What is being asked:
Pictures are to be left out; every line from the one that holds "The Gabriela Hearst" to the end of the data is to be retyped exactly.

Given material:
+++

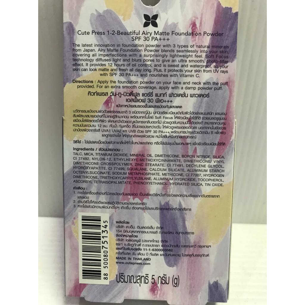 คิวท์เพรส วัน-ทู-บิวตี้ฟู แอรรี่ แมทท์ ฟาวเดชั่น พาวเดอร์ เอสพีเอฟ 30 พีเอ+++
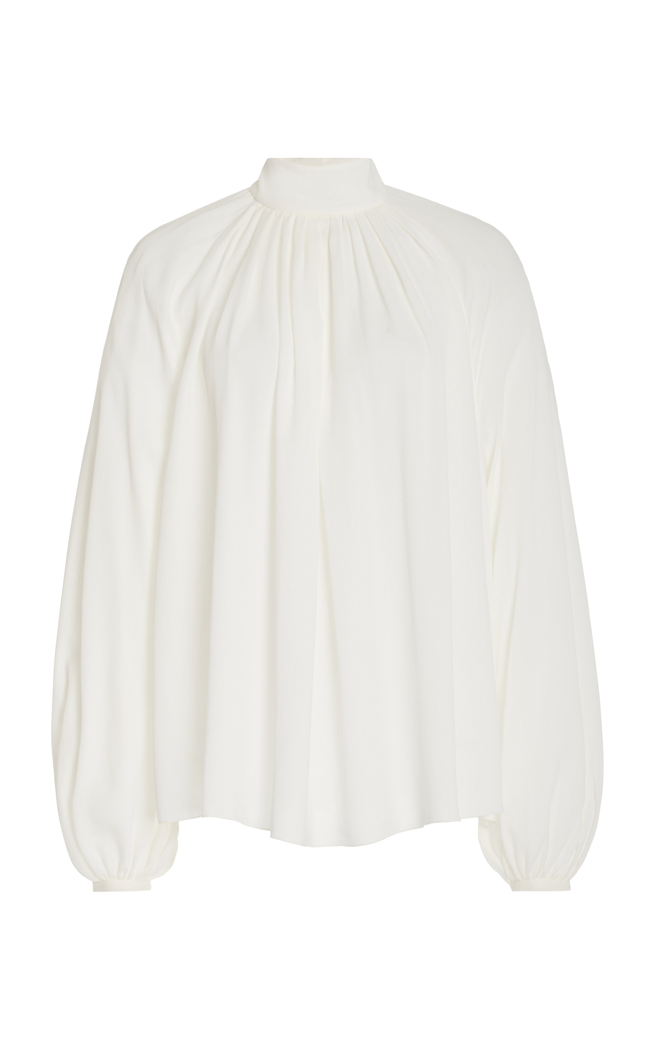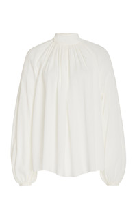 The Gabriela Hearst Kiian top flows elegantly from the high turtle-neck collar with delicate tucks. The fuller sleeve detail finishes in a cuff with covered buttons. Details: - 100% Silk - Turtleneck - Pleated - Button cuffs - Relaxed fit - Shirttail hem - Made in Italy Size and fit: Relaxed fit. Fits true to size. The model is 5'11" and wearing a size 38.
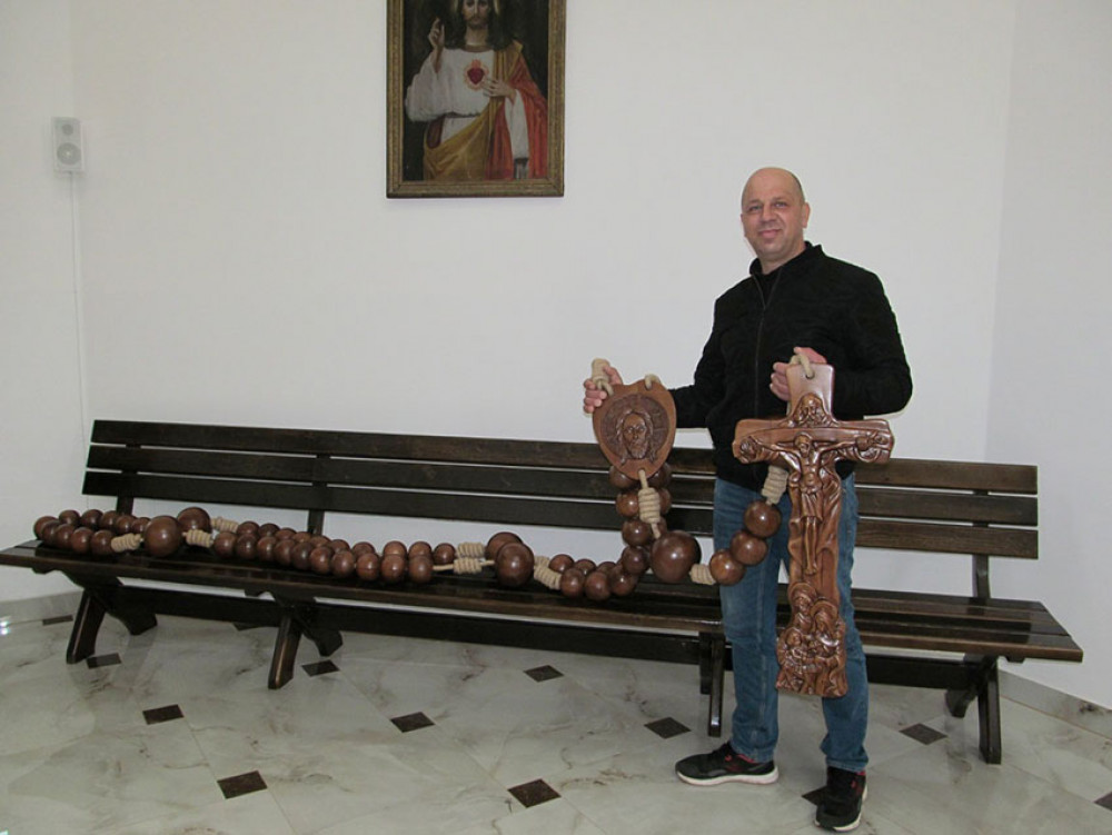 – Наприклад, загальна довжина використаного шнура сягає двадцяти п’яти метрів, на вервиці розташовано п’ятдесят малих і шість великих зернят, а також хрест із розп’яттям. Ту вервицю, яку отець Анатолій привозив з Івано-Франківська, було зроблено з дуба, тож і важила відповідно. Ми ж хотіли, щоб наша вервиця була легкою і її могли в часі духовних мандрівок селом носити діти. Тож для її виготовлення вибрали вільху – і міцну, і легку деревину. Голинська вервиця важить до тридцяти кілограмів. Наше село велике, тож будемо з вервицею під духовним проводом отця Анатолія, який вміє гуртувати і навертати людей, молитися гуртом, сільськими вулицями, за мир в Україні, порозуміння і єдність в громаді. А диво-вервиця зберігатиметься в нашому храмі і стане його молитовною візитівкою та мистецькою окрасою інтер’єру.

+++

Expected answer:
 The Gabriela Hearst Kiian top flows elegantly from the high turtle-neck collar with delicate tucks. The fuller sleeve detail finishes in a cuff with covered buttons. Details: - 100% Silk - Turtleneck - Pleated - Button cuffs - Relaxed fit - Shirttail hem - Made in Italy Size and fit: Relaxed fit. Fits true to size. The model is 5'11" and wearing a size 38.
 – Наприклад, загальна довжина використаного шнура сягає двадцяти п’яти метрів, на вервиці розташовано п’ятдесят малих і шість великих зернят, а також хрест із розп’яттям. Ту вервицю, яку отець Анатолій привозив з Івано-Франківська, було зроблено з дуба, тож і важила відповідно. Ми ж хотіли, щоб наша вервиця була легкою і її могли в часі духовних мандрівок селом носити діти. Тож для її виготовлення вибрали вільху – і міцну, і легку деревину. Голинська вервиця важить до тридцяти кілограмів. Наше село велике, тож будемо з вервицею під духовним проводом отця Анатолія, який вміє гуртувати і навертати людей, молитися гуртом, сільськими вулицями, за мир в Україні, порозуміння і єдність в громаді. А диво-вервиця зберігатиметься в нашому храмі і стане його молитовною візитівкою та мистецькою окрасою інтер’єру.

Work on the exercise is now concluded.